• [Record extracts]:
###
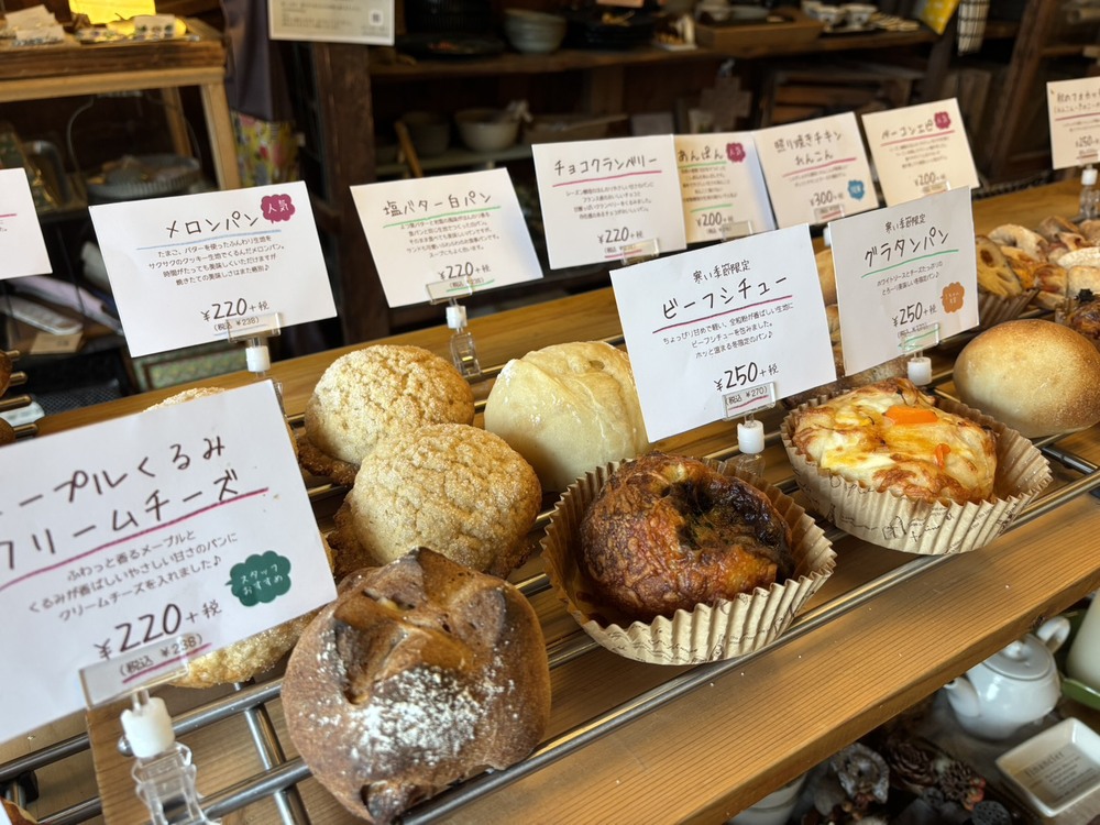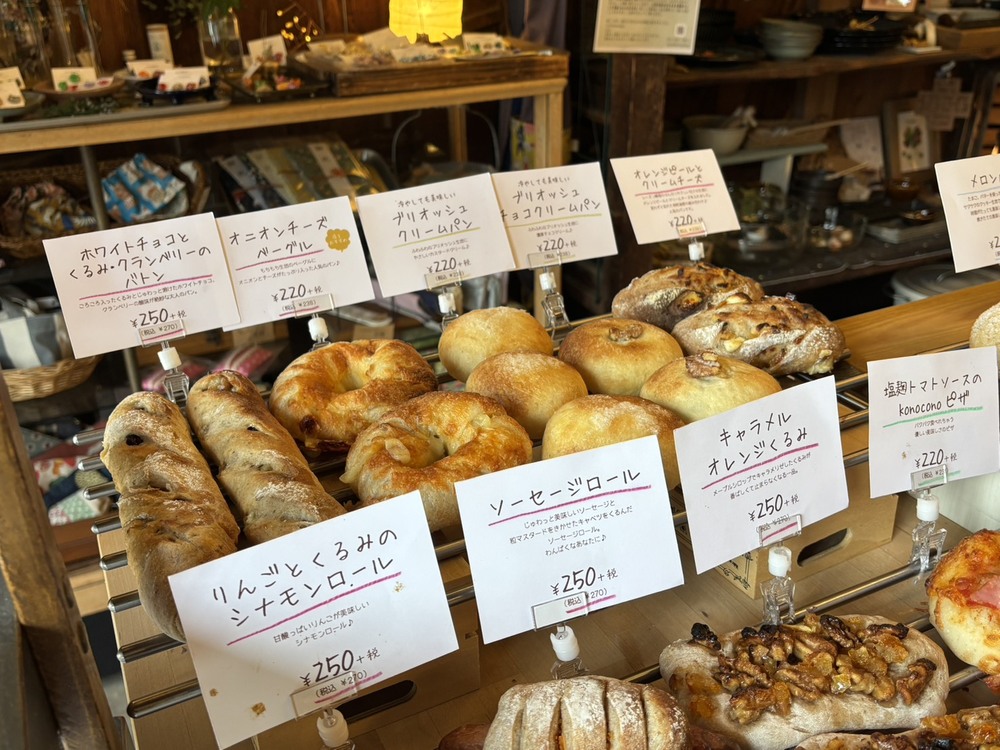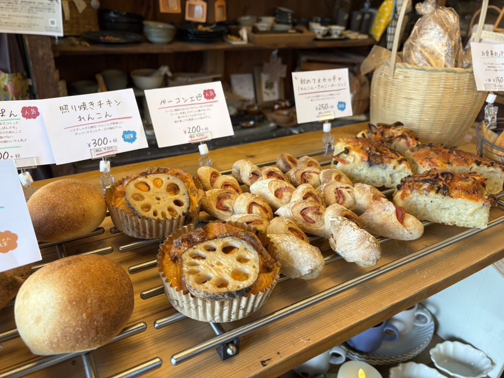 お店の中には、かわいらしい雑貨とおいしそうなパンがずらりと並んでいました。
###
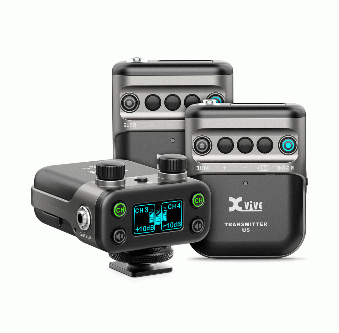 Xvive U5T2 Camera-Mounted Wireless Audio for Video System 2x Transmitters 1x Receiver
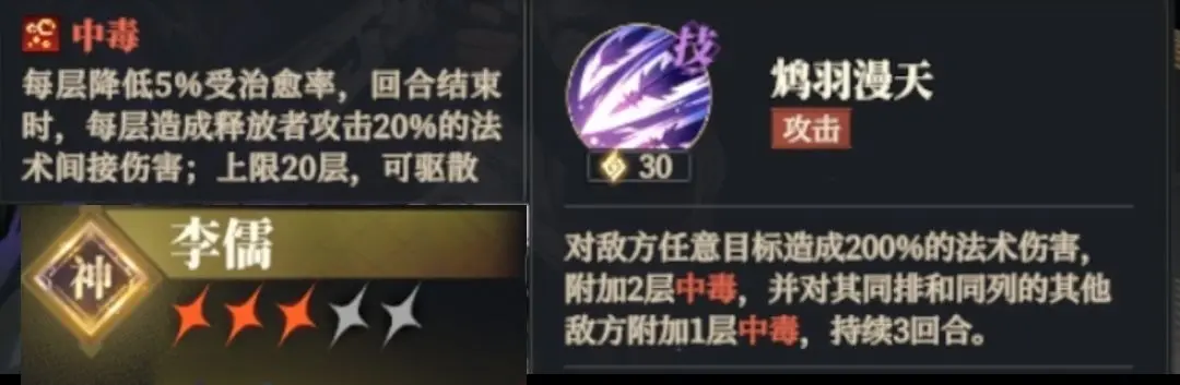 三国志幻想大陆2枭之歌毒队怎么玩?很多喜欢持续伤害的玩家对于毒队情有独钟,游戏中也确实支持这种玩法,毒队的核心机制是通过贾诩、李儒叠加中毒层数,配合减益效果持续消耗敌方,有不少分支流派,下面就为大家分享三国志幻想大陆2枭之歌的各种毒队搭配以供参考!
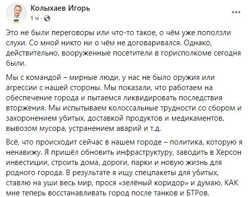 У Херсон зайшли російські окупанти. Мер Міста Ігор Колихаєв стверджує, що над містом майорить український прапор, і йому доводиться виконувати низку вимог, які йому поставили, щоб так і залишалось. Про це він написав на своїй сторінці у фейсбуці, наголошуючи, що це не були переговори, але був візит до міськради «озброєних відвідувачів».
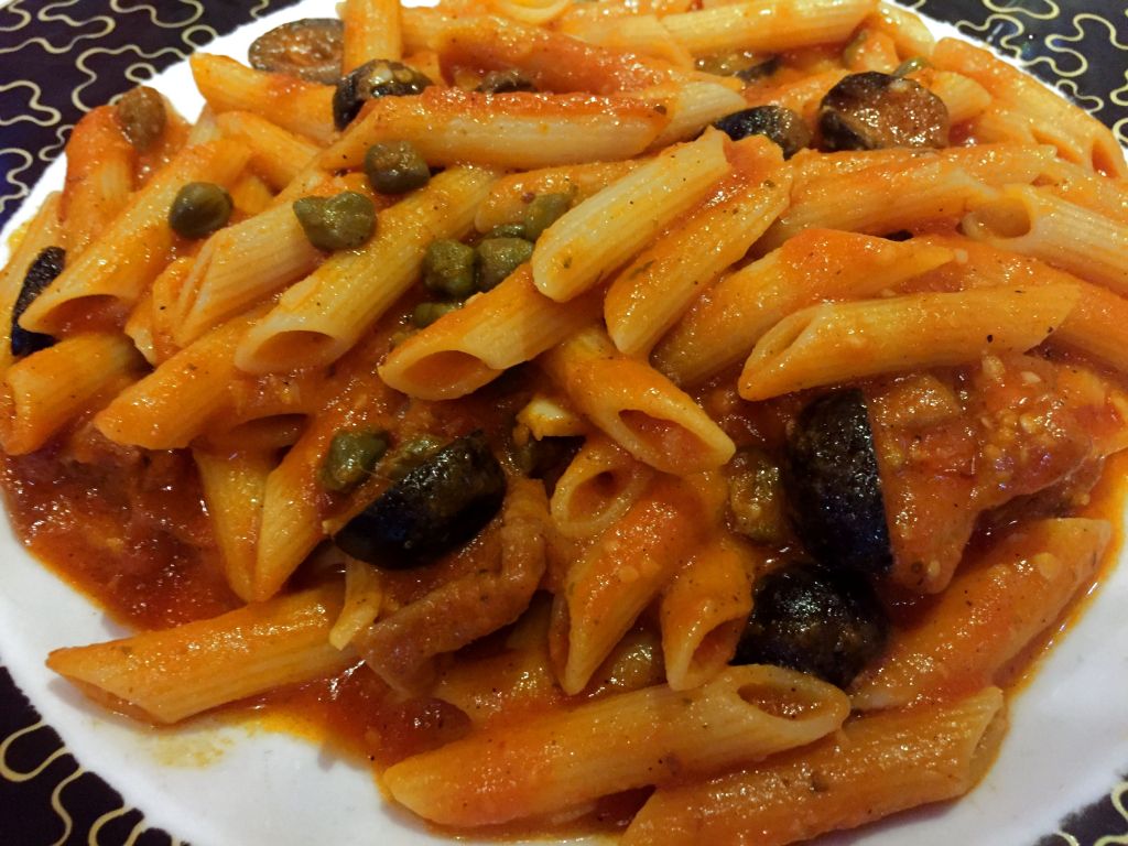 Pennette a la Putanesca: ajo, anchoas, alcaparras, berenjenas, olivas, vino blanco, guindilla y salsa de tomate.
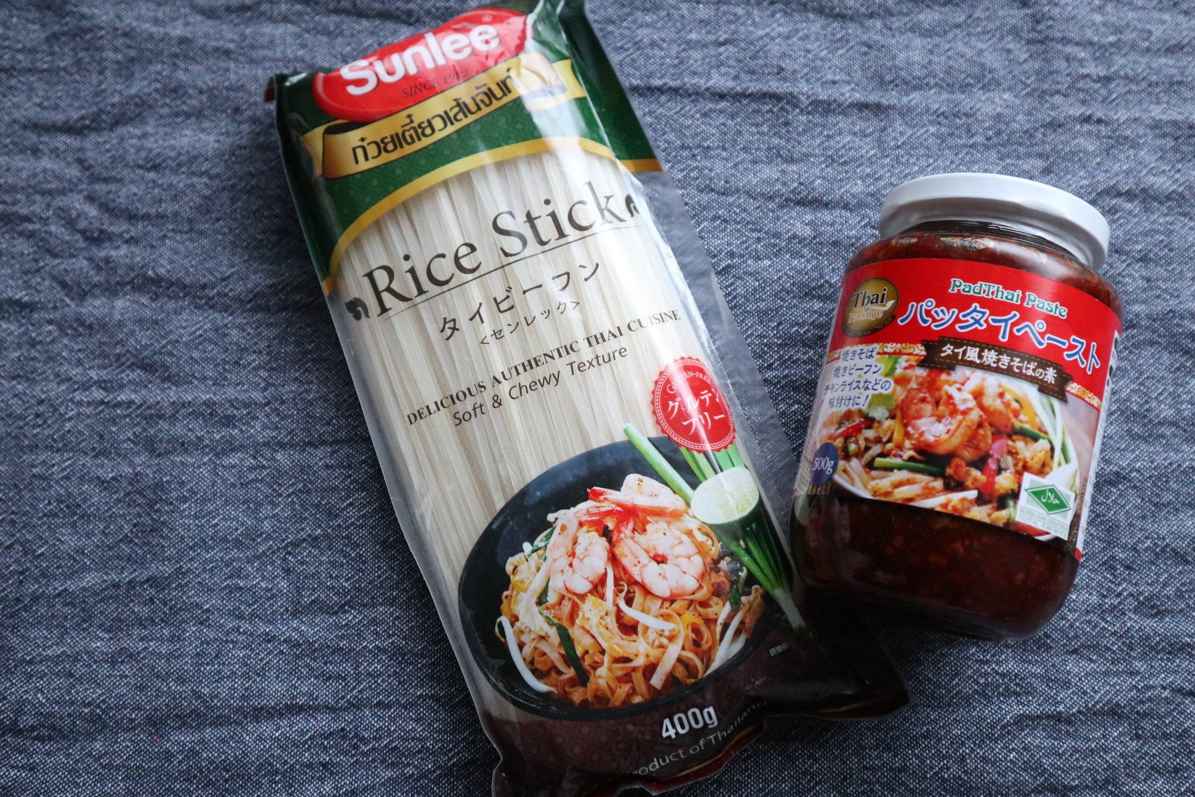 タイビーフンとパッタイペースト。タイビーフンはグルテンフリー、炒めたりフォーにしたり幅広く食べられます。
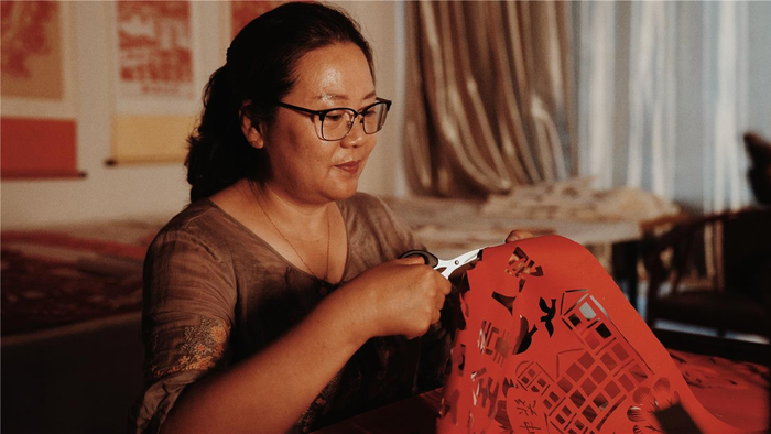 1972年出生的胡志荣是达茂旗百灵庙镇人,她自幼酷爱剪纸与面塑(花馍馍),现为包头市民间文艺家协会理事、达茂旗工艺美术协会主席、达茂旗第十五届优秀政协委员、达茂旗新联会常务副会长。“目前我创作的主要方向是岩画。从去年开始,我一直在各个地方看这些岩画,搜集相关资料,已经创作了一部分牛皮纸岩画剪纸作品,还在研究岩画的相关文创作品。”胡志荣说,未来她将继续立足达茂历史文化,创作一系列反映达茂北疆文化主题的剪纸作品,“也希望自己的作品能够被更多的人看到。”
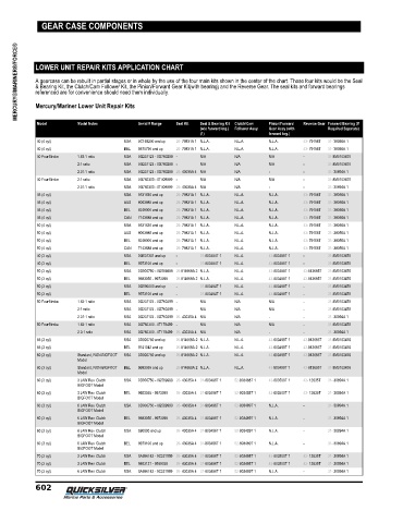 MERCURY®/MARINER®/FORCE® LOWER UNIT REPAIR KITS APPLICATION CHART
###
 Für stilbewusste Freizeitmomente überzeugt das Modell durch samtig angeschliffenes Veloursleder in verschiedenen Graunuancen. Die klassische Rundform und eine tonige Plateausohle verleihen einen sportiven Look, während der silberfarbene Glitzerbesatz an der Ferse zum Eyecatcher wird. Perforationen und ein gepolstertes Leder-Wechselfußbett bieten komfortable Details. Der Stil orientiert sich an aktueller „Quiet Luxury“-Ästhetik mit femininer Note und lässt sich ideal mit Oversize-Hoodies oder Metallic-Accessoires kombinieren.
###
• [Task statement]: Could you write out exactly the lines of the data above that run from the one holding "タイビーフンとパッタイペース" to the one holding "MERCURY®/MARINER®/FORCE® LOWER UNIT", with both ends in and all pictures out?

• [Exercise answer]:
 タイビーフンとパッタイペースト。タイビーフンはグルテンフリー、炒めたりフォーにしたり幅広く食べられます。
 1972年出生的胡志荣是达茂旗百灵庙镇人,她自幼酷爱剪纸与面塑(花馍馍),现为包头市民间文艺家协会理事、达茂旗工艺美术协会主席、达茂旗第十五届优秀政协委员、达茂旗新联会常务副会长。“目前我创作的主要方向是岩画。从去年开始,我一直在各个地方看这些岩画,搜集相关资料,已经创作了一部分牛皮纸岩画剪纸作品,还在研究岩画的相关文创作品。”胡志荣说,未来她将继续立足达茂历史文化,创作一系列反映达茂北疆文化主题的剪纸作品,“也希望自己的作品能够被更多的人看到。”
 MERCURY®/MARINER®/FORCE® LOWER UNIT REPAIR KITS APPLICATION CHART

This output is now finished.